It's impossible to create zero-downtime Postgres upgrades across major versions – right? Please, correct me if I’m wrong :)
But at least we’ve found a way to get close to zero downtime.
At Listen Notes, we've performed Postgres major version upgrades twice since 2017, the year Listen Notes was founded. During these upgrades, we experienced zero downtime for “read” operations, and less than 1 minute downtime for “write” operations.
Let’s walk through the process we went through of upgrading Postgres at Listen Notes.
- Provision a new replica DB (DB_A) with the old version of Postgres.
- Change DB hosts’ IP addresses in “/etc/hosts” of online servers to use read-only replica DB (not DB_A). By this moment, all write operations will fail.
- Run pg_upgrade (with “--link”) on DB_A to upgrade to the new version of Postgres, and promote DB_A to be a primary.
- Replace all DB hosts’ IP addresses in “/etc/hosts” of online servers to use DB_A. By this moment, write operations would resume.
- Re-provision new replica nodes with the new version of Postgres.
How We Use Postgres in Listen Notes
Listen Notes is a popular podcast search engine. We provide a website (ListenNotes.com) with millions of monthly pageviews, and a solid Podcast API used by thousands of 3rd-party apps and websites.
We use Postgres as our main database, which stores all podcasts, episode metadata, and user data.
We run a self-hosted Postgres cluster on AWS EC2, consisting of one primary (db1) for write and read operations, and two replicas (db2 & db3) for read-only operations. The database size is a bit smaller than 1TB.
When Listen Notes was started in 2017, we ran Postgres 9.6.
Then we upgraded to Postgres 11.0 in 2019.
By 2021, we were running Postgres 13.0.
Generally speaking, we are not comfortable using the latest version of any infrastructure software, be it Postgres, Django, Redis, or others.
We trust the quality of Postgres, but there may be fewer documents and online discussions for the latest version, which might make troubleshooting difficult when version-specific issues occur.
Listen Notes servers that talk to Postgres DB are using hostnames like db1.internal.ln, db2.internal.ln, db3.internal.ln, and so on.

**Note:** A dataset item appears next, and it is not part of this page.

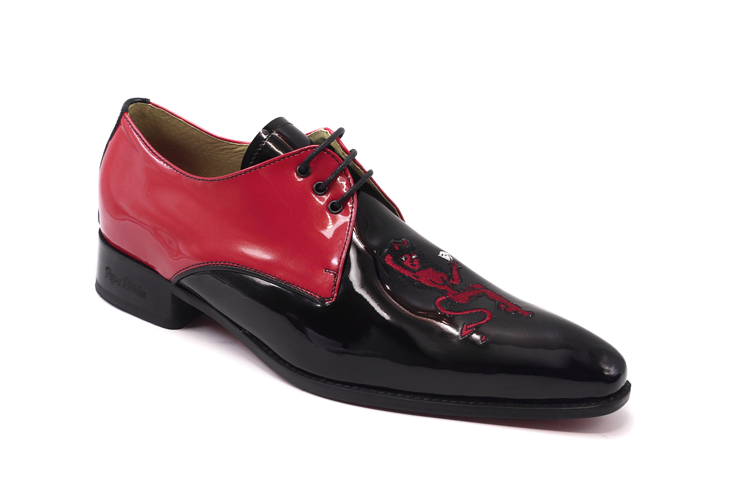 Special design in black and red patent leather with a beautiful embroidery of a devil in red and black that perfectly matches the color of the shoe and makes it stand out even more.

These hostnames are in “/etc/hosts,” so it’s easy to change the actual IP address while keeping the hostnames unchanged.
There are both online and offline workloads for our Postgres cluster. The online workload is to serve our website (ListenNotes.com) and API endpoints (PodcastAPI.com), which can’t have long downtime (for example, over 5 minutes).
The offline workload runs Celery tasks and other scripts that can be stopped for a relatively long time (for example, 2 hours). You can read our past blog posts to learn details of the Listen Notes architecture:
- The boring technology behind a one-person Internet company
- Good enough engineering to start an Internet company
- How I accidentally built a Podcast API business
For upgrading Postgres across major versions, our goal is to achieve zero downtime for read operations and minimal downtime (less than 5 minutes) for write operations. This will ensure most of our users won’t be affected during the time of upgrading.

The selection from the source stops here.